ACTIVITY:
Every line of the data below should be retyped exactly, with no images carried over.

DATASET CONTENT:
++++++++++++++++++++

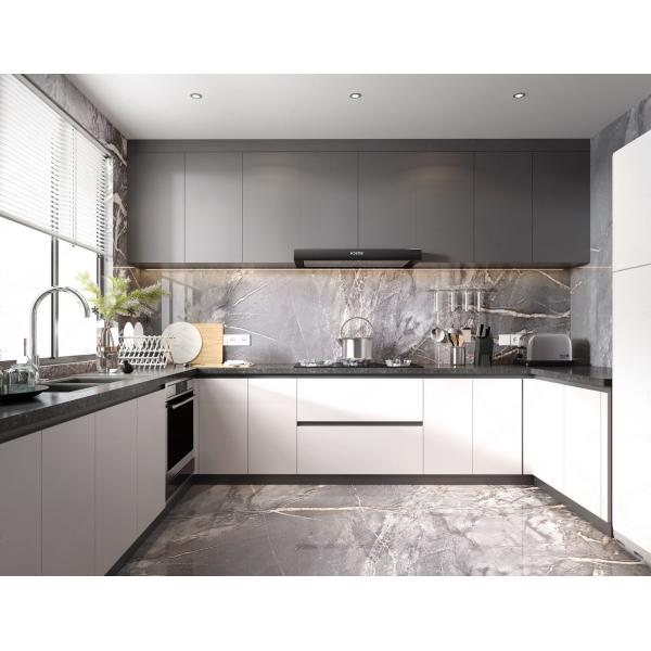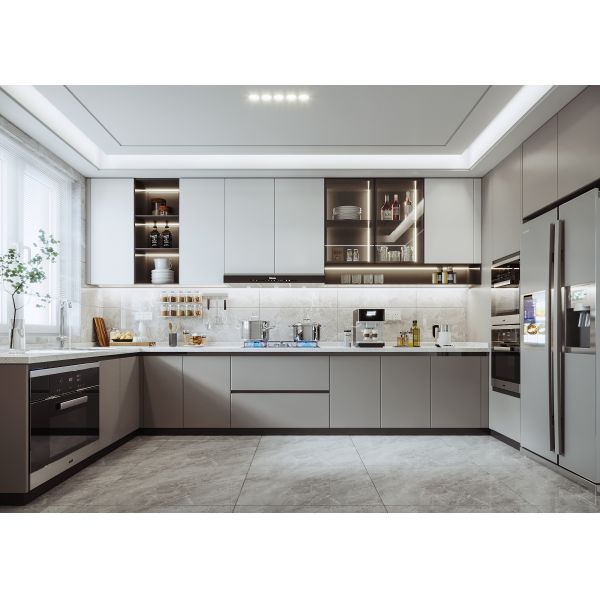 The carcass of the kitchen cabinet is made with particle board, plywood, MDF, OSB, or HMR, depending on the customer's preference. These materials provide a sturdy foundation for the kitchen cabinet and ensure that it will withstand daily wear and tear.
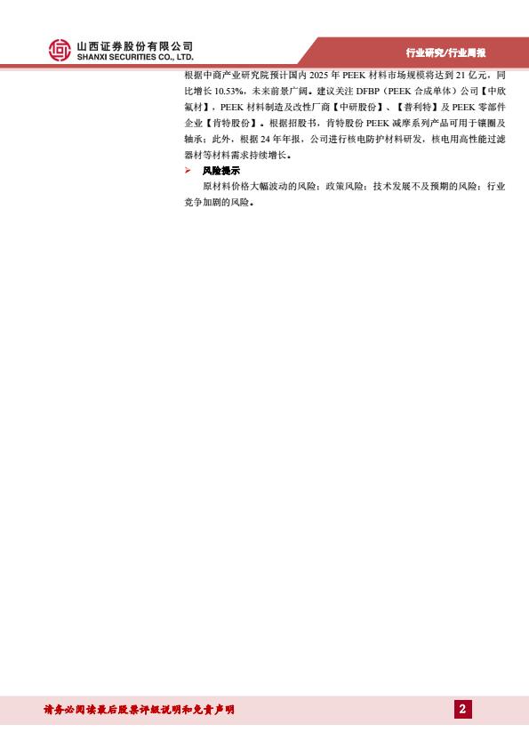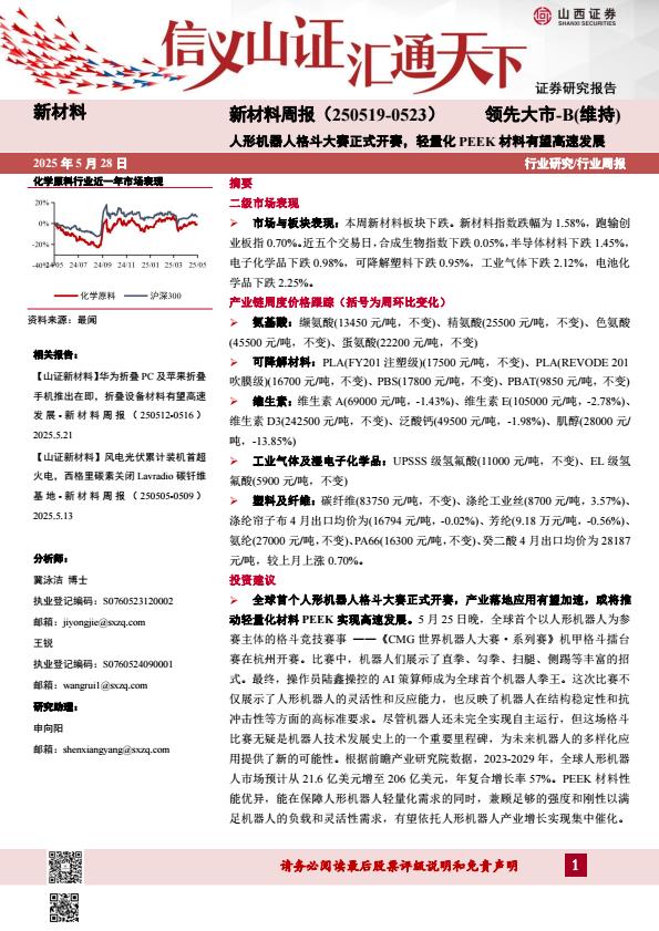 【18481】【山西证券】新材料周报:人形机器人格斗大赛正式开赛,轻量化PEEK材料有望高速发展 22小时前 7月 1 预览结束,本文件为PDF文档,一共23页,请购买后,下载查看 资源下载下载价格59 H币VIP免费升级VIP立即购买下载或充值问题请将订单号发送到:2907878669@qq.com ,我们会在24小时内为您处理 科技电子
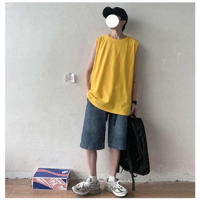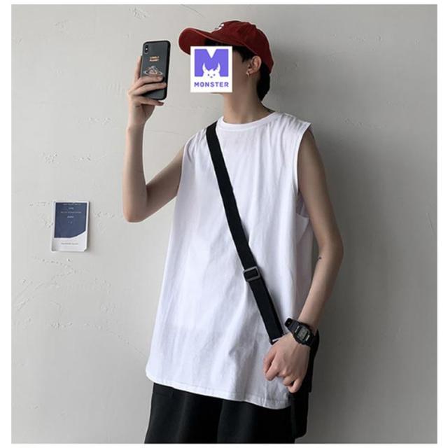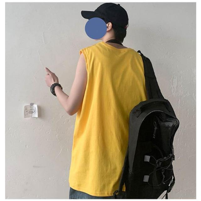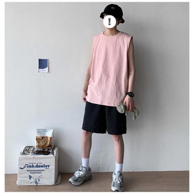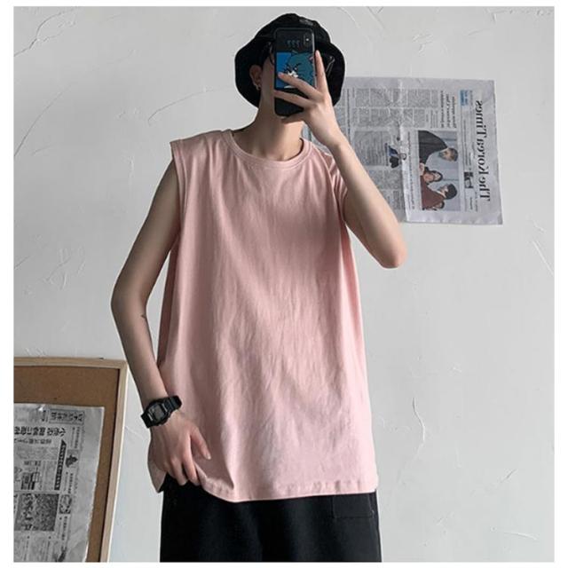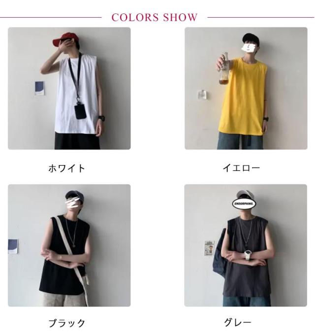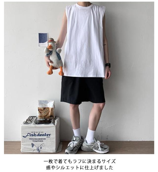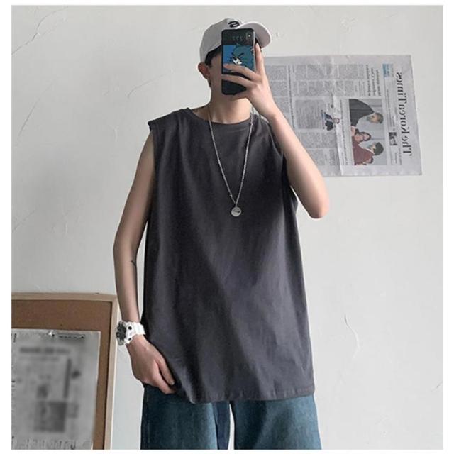 ゆったり 春 韓国 tシャツ サマー タンクトップ メンズ シンプル ロング丈 L ノースリーブ 夏 綿100% カットソー オーバーサイズ 無地 インナー 袖なし カジュアル ストリート クルーネック ベスト 男性 綿100% M 5XL XL 2XL 3XL 4XL 薄手 カーキ 黒 白

++++++++++++++++++++

EXPECTED OUTPUT:
 The carcass of the kitchen cabinet is made with particle board, plywood, MDF, OSB, or HMR, depending on the customer's preference. These materials provide a sturdy foundation for the kitchen cabinet and ensure that it will withstand daily wear and tear.
 【18481】【山西证券】新材料周报:人形机器人格斗大赛正式开赛,轻量化PEEK材料有望高速发展 22小时前 7月 1 预览结束,本文件为PDF文档,一共23页,请购买后,下载查看 资源下载下载价格59 H币VIP免费升级VIP立即购买下载或充值问题请将订单号发送到:2907878669@qq.com ,我们会在24小时内为您处理 科技电子
 ゆったり 春 韓国 tシャツ サマー タンクトップ メンズ シンプル ロング丈 L ノースリーブ 夏 綿100% カットソー オーバーサイズ 無地 インナー 袖なし カジュアル ストリート クルーネック ベスト 男性 綿100% M 5XL XL 2XL 3XL 4XL 薄手 カーキ 黒 白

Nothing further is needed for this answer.